Operating Kafka in Rails with Karafka: Production Architecture, Consumers, and DLQs (Part 2)

by Syed Sibtain, System Analyst

This is Part 2 of a two-part series. If you haven't read it yet, start with Part 1: Introduction and Sync-In, which covers how data enters Rails from external systems (SAP and metadata adapter) and how we set up our Sync-In pipeline.

3.2 Sync-Out — How Data Leaves Rails and Updates the Legacy SQL Server

Once Rails becomes the operational source of truth, the next responsibility is keeping the legacy SQL Server 2009 system in sync. This is where the Sync-Out pipeline comes in.

If Sync-In is about absorbing and validating data, Sync-Out is about publishing clean, normalized, business-ready events from Rails → Kafka → Legacy DB — reliably, idempotently, and without overwhelming the legacy database.

Why Sync-Out Needed a Dedicated Architecture

Sync-Out wasn't a mirror of Sync-In.

It was more fragile, more critical, and far more sensitive to failures.

The Challenges

  • SQL Server 2009 could not handle bursts — The legacy database would choke under sudden load spikes
  • Multi-step transactional updates — A single business event might touch 4–10 different tables, all within one transaction.
  • Duplicate inventory risk — A single retry at the wrong moment could duplicate inventory. Transactions ensured atomicity, but we still needed careful error handling to prevent partial writes
  • Strict ordering required — Writes had to remain strictly ordered, especially for receiving operations where sequence mattered
  • Full observability needed — During incidents, we had to know exactly what failed and replay it after fixes

The Solution

So Sync-Out became its own pipeline with:

  • Rails producers that publish normalized events
  • Kafka sync-out topics organized by business domain
  • A dedicated adapter service isolated from Rails
  • DLQs exclusively for sync-out failures
  • Transactional writes with explicit rollback on errors

This is also why only Sync-Out has DLQs — this side is where failures truly matter.

How Sync-Out Works (High-Level Flow)

Our-Architecture-at-a-High-Level

The sequence is simple, but the guarantees are not.

Rails → Kafka → Adapter Consumer → Legacy SQL Server
              ↑
              │
           DLQs

1. Rails Publishes Domain Events

Whenever a warehouse operation completes — receiving, putaway, armada close, etc. — Rails publishes a normalized event to Kafka:

Karafka.producer.produce_sync(
  topic: "legacy_inventory",
  payload: InventoryEventSerializer.serialize(record)
)

Each event contains:

  • operation_type — tells the service what business operation to perform
  • Normalized payload — clean, business-ready data with all required fields
  • warehouse_id — identifies which warehouse schema to use
  • source_event_id — traceability back to Rails
  • Timestamps — for ordering and debugging

These events describe exactly what changed in Rails.
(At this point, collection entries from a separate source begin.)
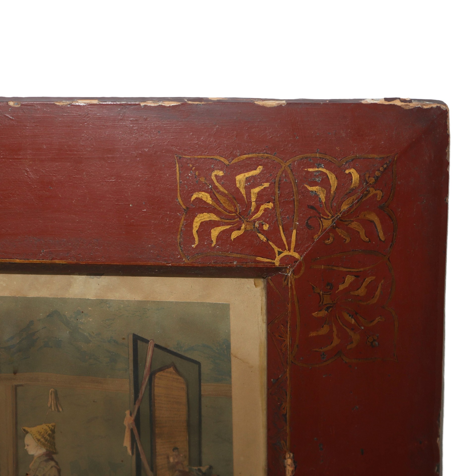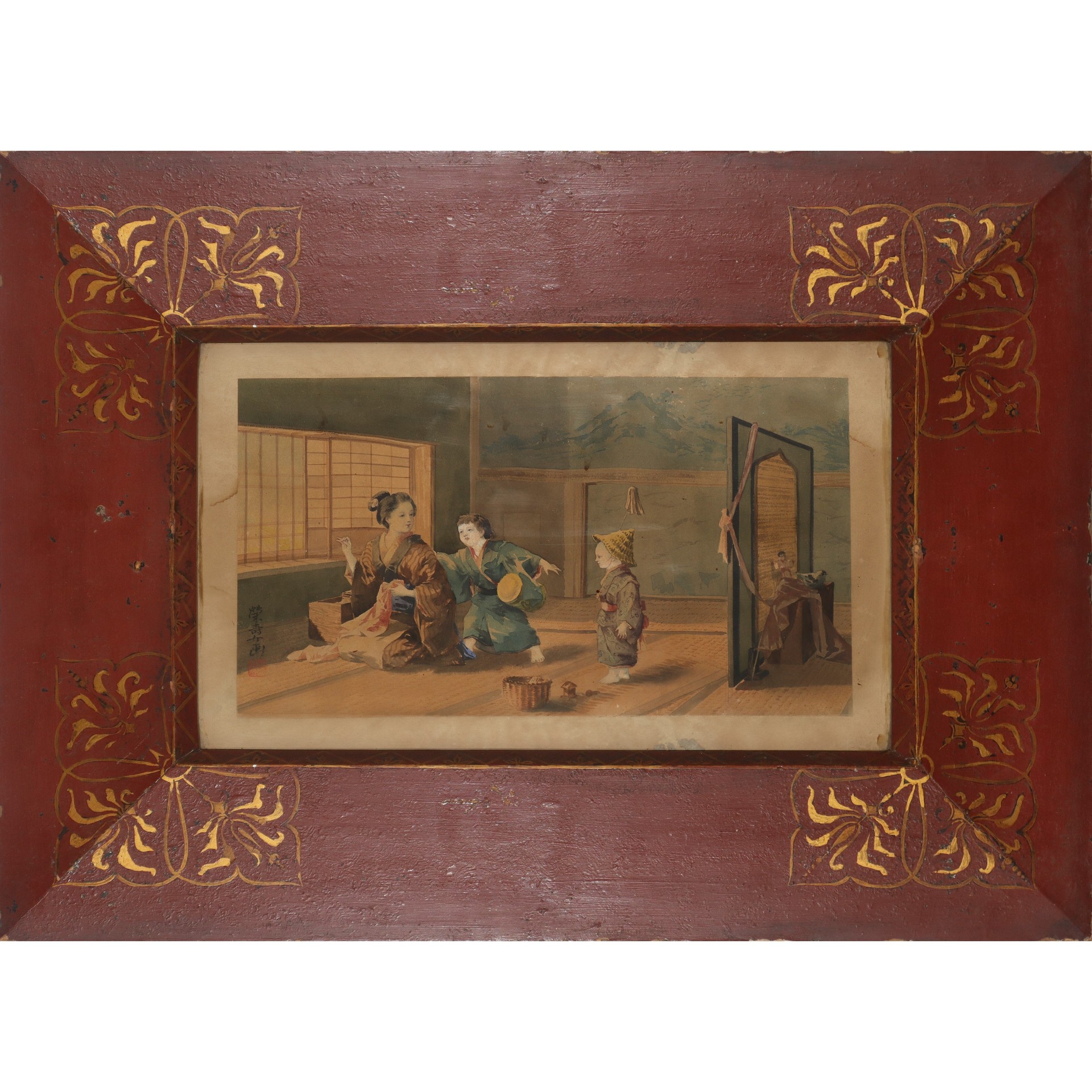 Scena di vita familiare, Japan, fine 19° secolo H cm 31x47 - in cornice H cm 55x70 Acquarello su carta Scuola giapponese. Firmato in basso a sinistra, entro cornice amaranto laccata e decorata.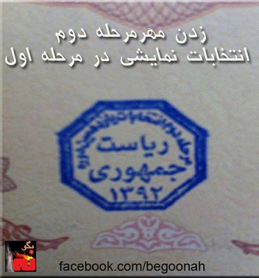 اخبار زدن مُهر مرحله دوم انتخابات در مرحله اول Date: جون 14, 2013Author: begoonah 0 دیدگاه این عکس را یکی از خوانندگان سایت ایران پرس نیوز از ایران ارسال کرده و نوشته است: به این عکس با دقت نگاه کنید…امروز مُهر مرحله دوم انتخابات را زدند. اشتراکگذاری این:بیشتر به اشتراک گذاشتن در فیسبوک (در پنجرۀ تازه باز میشود) فیسبوک Share on X (در پنجرۀ تازه باز میشود) X چاپ (در پنجرۀ تازه باز میشود) چاپ Share on Telegram (در پنجرۀ تازه باز میشود) تلگرام Share on WhatsApp (در پنجرۀ تازه باز میشود) واتساپ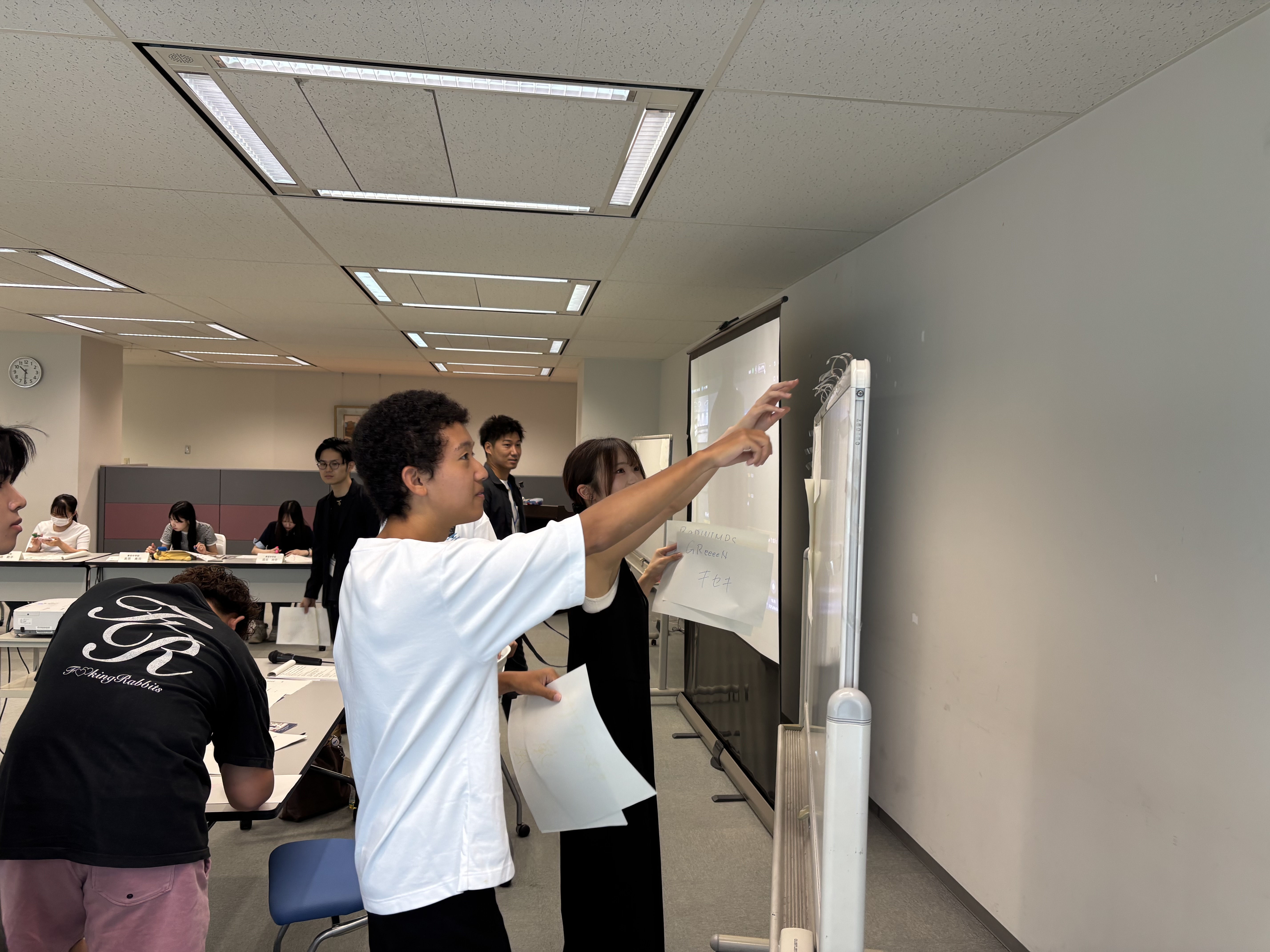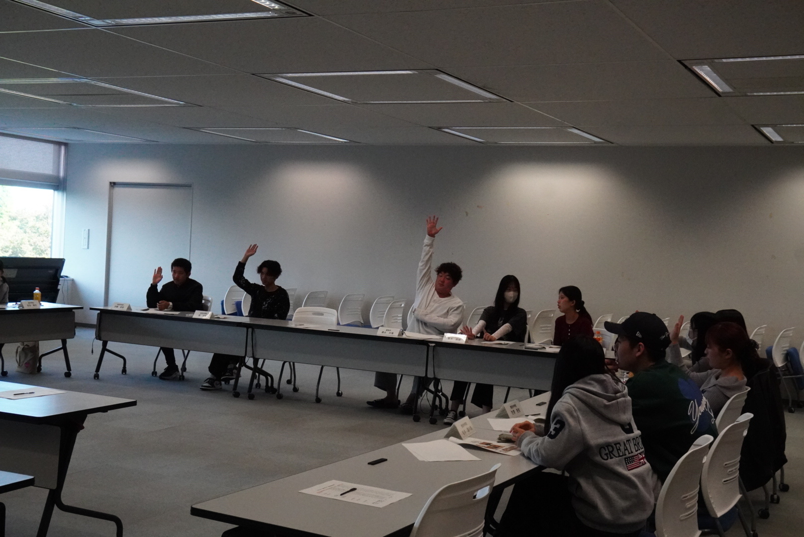 今回は、式典内で流す映像に使用する挿入曲、式典開始前のBGMについて話し合いました。話し合いの中で、両親や恩師への感謝を綴った曲や懐かしの曲など、多くの楽曲がBGMの候補にあがり、その中から運営委員の多数決により決定しました。(写真=候補曲を選ぶ様子)その後、映像制作担当者等の役割について確認。積極的な立候補により役割分担を決めることができ、「自分たちでより良い式典を作り上げていきたい」という姿が印象的でした。

2. Kafka Stores and Buffers These Events

If SQL Server slows down, Kafka absorbs the back-pressure.

  • Rails never waits
  • Warehouse operations never stop

3. The Legacy Adapter Consumes and Writes to SQL Server

A dedicated Karafka consumer — running in its own small service — reads sync-out topics and writes to the legacy database using TinyTDS.

This adapter is isolated from Rails so that:

  • Rails isn't blocked by SQL Server latency
  • The adapter can scale independently
  • Legacy writes can be retried or replayed safely
  • We can deploy fixes without touching the main app

4. DLQs Capture Any Failure

If the adapter:

  • Hits a SQL timeout
  • Violates a constraint
  • Mis-parses data
  • Experiences infrastructure failure
  • Encounters a corrupted payload

-> The message moves to a DLQ after max retries.

DLQs were the difference between:

Warehouse operations halted

and

We'll replay the failed ones in 2 minutes.

The Sync-Out Topics

We organized Sync-Out topics by domain — not by table.

Examples:

  • legacy_receipts — receiving operations
  • legacy_inventory — stock movements and adjustments
  • legacy_putaway — putaway completions
  • legacy_armada_events — armada operation updates

Each topic represents a business operation, not a technical table.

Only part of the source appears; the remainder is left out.